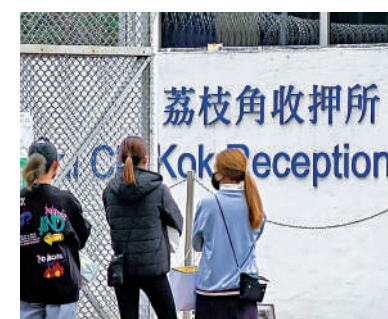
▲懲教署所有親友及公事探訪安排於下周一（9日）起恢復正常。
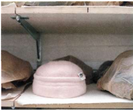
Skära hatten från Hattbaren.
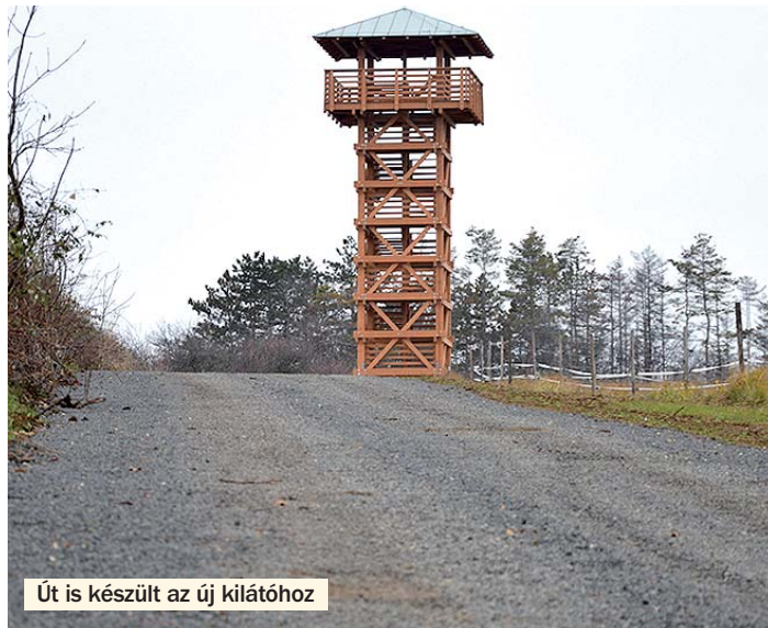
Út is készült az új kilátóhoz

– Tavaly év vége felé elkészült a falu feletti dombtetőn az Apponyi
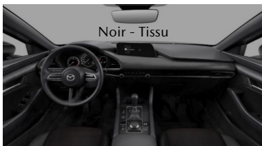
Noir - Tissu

-.-.-

# EXERCISE REQUIREMENTS
Every record above should be duplicated precisely, with the images removed.

# TASK RESPONSE
▲懲教署所有親友及公事探訪安排於下周一（9日）起恢復正常。
Skära hatten från Hattbaren.
Út is készült az új kilátóhoz

– Tavaly év vége felé elkészült a falu feletti dombtetőn az Apponyi
Noir - Tissu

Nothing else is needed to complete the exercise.